Plaintiff requests a hearing on all the issues set forth herein.

More Thoughts on Admissibility of Plaintiff’s Immigration Status

Most courts recognize that putting a label like “illegal alien,” “illegal immigrant,” or “undocumented worker” is unduly prejudicial to the plaintiff’s ability to get a fair trial. But there are some instances where it is arguably relevant. If the plaintiff is bringing a future lost wages claim, the victim’s immigration status is necessarily going to involve questions of where the client will be working. But most jurisdictions are still excluding this evidence. At least 18 state courts (including Texas, New York, New Jersey, and Washington) and 10 federal courts have considered the issue of an undocumented immigrant’s claim for lost wages in injury cases. In those combined of those 28 cases, Courts, 20 of them have ruled that an undocumented person can make a claim for lost wages under the assumption that the victim remains in the United States without reference to immigration status.

Keep in mind that there are cases where the plaintiff’s immigration status is at least marginally relevant.  But in today’s political climate, you should be able to make the argument that even if there is a modicum of probative value of the victim’s immigration status, the value is the evidence had on Plaintiff’s pain and suffering was easily outweighed by the danger of unfair prejudice.
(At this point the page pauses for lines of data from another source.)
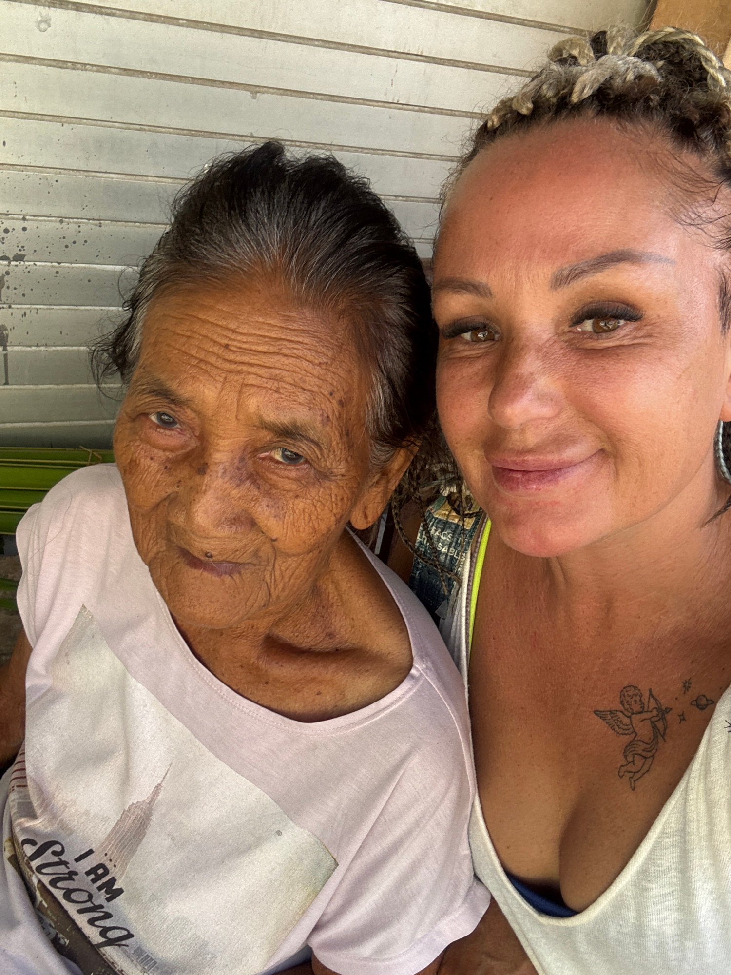 Two women are closely positioned, facing the camera. The woman in the upper position appears younger, with light skin, braided hair, and a tattoo of an angel with a bow and arrow on her upper chest. S…read more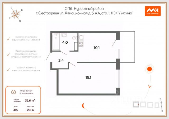 Они неразрывно связаны, поэтому опишу вместе. Курортный район, престижное соседство с элитным коттеджным посёлком "Лисий нос", неподалёку - благоустроенные пляжи Финского залива, экопарк, Сестрорецкий разлив, лесные массивы и посреди этого великолепия раскинулся наш город-парк.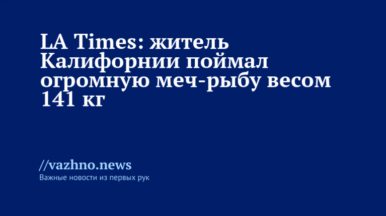 В США житель Калифорнии выловил недалеко от своего дома меч-рыбу весом 141 кг и поделился ею с примерно 70 людьми. Об этом 10 декабря сообщает Los Angeles Times.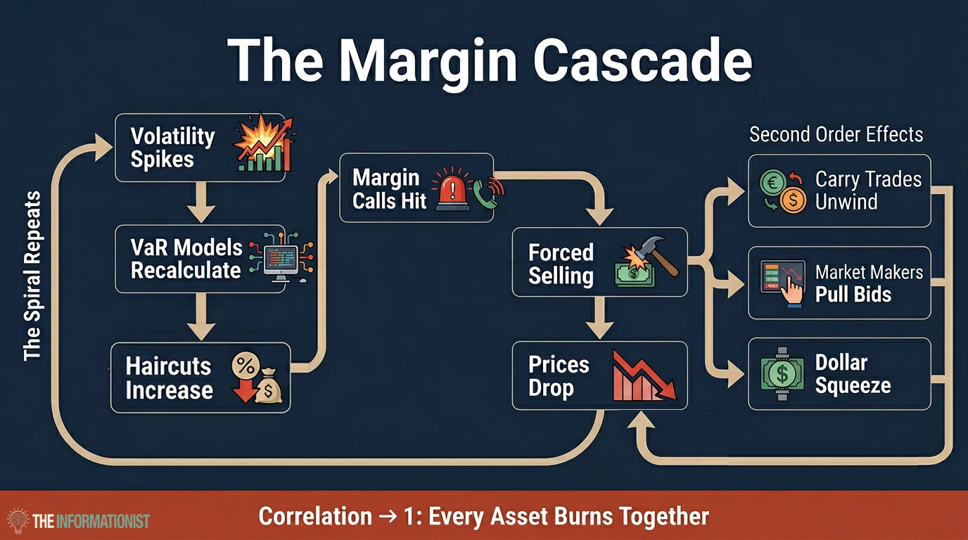 A small minority will quietly make the moves that matter. We wrote 21 Moves to Make in the Downturn for that minority. If you’re serious about building a position that survives the next decade, start here. ☎️ The Phone CallMarch 16, 2020. I’m sitting at my desk, coffee barely touched, scanning the pre-market numbers. Futures are limit down. Again. The S&P has already lost 20% in three weeks and the bleeding won’t stop. Then the email hits. Our prime broker’s normal morning operational summary lands in my inbox. But today, the subject line is anything but normal. “Immediate Margin Call Required.” All in red. I open it. Scan the margin summary first. Then the details. My stomach drops. A little background. Most individual investors use something called Reg T margin. It’s simple. Your broker lets you borrow roughly half the value of your stocks. You put up $100,000 | 1.49 BTC, you can buy $200,000 | 2.97 BTC worth. 2-to-1. Hedge funds play a different game. We use something called portfolio margining. Instead of a flat 2-to-1 rule, the broker looks at your entire book as one unit and assigns each position a haircut. Here’s how it works. A haircut is how much value the broker shaves off when calculating what you can borrow against. Blue chips in calm markets might get a 5% haircut. So if you own $100,000 | 1.49 BTC of Apple stock, you need at least $5,000 | 0.07 BTC of capital in your account against that position. Small number. Easy to cover. Riskier stocks get bigger haircuts. But when the whole portfolio is diversified, the math works in your favor. Instead of 2-to-1 leverage, you might get 5, 10 or even 20-to-1. Put up $100 million | 1,486 BTC, control over a billion in positions. Without derivatives. And if you have not worked in a hedge fund before, here is an important detail for you. All of those haircuts are set by a black box that sits on the prime broker’s risk desk. Not yours. Theirs. They decide, day to day and sometimes minute to minute, how your portfolio can be margined. How much you can borrow. How much collateral you need. And you agreed to it. Every hedge fund signs a portfolio margining agreement with their prime broker. You’re playing in their house, by their rules. Rules they can change whenever they want. When markets are calm, this works beautifully. The portfolio manager diversifies strategically, the black box sees low risk. The book gets small haircuts. Everyone’s happy. Until they aren’t. Because when volatility spikes, that black box recalculates. And when it recalculates, the prime broker doesn’t call to discuss it. They send you a notice. That’s what I was staring at. Virtually every micro-cap position in the fund had been raised to a 100% haircut. Overnight. Zero borrowing value. Those positions were now dead weight on the books. Regardless of how much confidence we had in them as companies, as far as the prime broker was concerned, they were dead weight. Even our best investments, the blue chip holdings in the eyes of the prime broker, you know, big S&P Mag 7 type stocks, had been raised from 5 or 6% to 25 or 30%. Overnight. One email. Every position. The entire margin structure of our fund had just been rewritten while we slept. And then you do the math in your head. You realize the cascade. Because it’s not just one position that’s underwater. It’s the whole book. Every holding now requires more collateral than it did yesterday. Collateral you don’t have. I pick up the phone and call the portfolio manager. Our chief investment officer. Possibly the worst phone call I’ve ever had to make in my career. This is where the hedge fund manager bypasses the portfolio managers and heads straight to the traders, telling them to sell. Ten percent. Twenty percent. Of everything. He doesn’t care what it is. “We need liquidity. We need it now.” The good positions. The bad positions. The hedges that were working perfectly. Didn’t matter. In these moments, you sell what you can, not what you want to. That’s what a correlation-to-1 event feels like from the inside. Like sprinting through a fire, every asset in your portfolio burning right alongside you. And yes, that means Treasuries too. All of it fair game. Everything on the cutting table. Because you just need one thing. Cash. Suddenly, a whole lot of it. That was March 2020. Fast forward to today. A record 95% of asset classes are trading above their long-term trend. And margin debt just hit an all-time high of $1.28 trillion | 19,020,447 BTC. The conditions are lining up again. So how does this actually happen? What breaks inside the plumbing that turns a normal selloff into a cascade where everything goes down together? Is there a pattern to the recovery? And what can you actually do to protect yourself before the next phone call comes? Let’s get into it. 🔧 The PlumbingSo you just read about what happened to one fund on one Monday morning. Now multiply that by a thousand. Because here’s the thing. Our fund wasn’t special. Pretty much every hedge fund, every leveraged institution, and every prime brokerage client received some version of that same email. A similar black box, running similar risk models, at every major bank on Wall Street, all recalculating at the same time. And they all reached the same conclusion: raise haircuts. Post haste. This is where a selloff becomes a cascade. Take a good look at this graphic of how it plays out. Take your time.

  • Virginia: Peterson v. Neme (1981): Affirming exclusion of victim’s illegal immigrant status offered to rebut future lose wage claim, noting that such evidence is “uniquely prejudicial” and that “the trial court properly could conclude that the prejudicial impact of the proffered evidence outweighed its probative value.”
  • Texas:  Republic Waste Servs. v. Martinez (2011): “Undeniably, the issue of immigration is a highly charged area of political debate” and holding the “probative value of evidence showing only that the plaintiff is an illegal immigrant, who could possibly be deported, is slight because of the highly speculative nature of such evidence.”
  • California: Clemente v. State (1985): Illegal immigrant status “even if marginally relevant [on damages is] highly prejudicial.”
  • New York: Klapa v. O&Y Liberty Plaza Co. (1996): “Whatever probative value illegal alien evidence may have [as to damages] is far outweighed by its prejudicial impact.”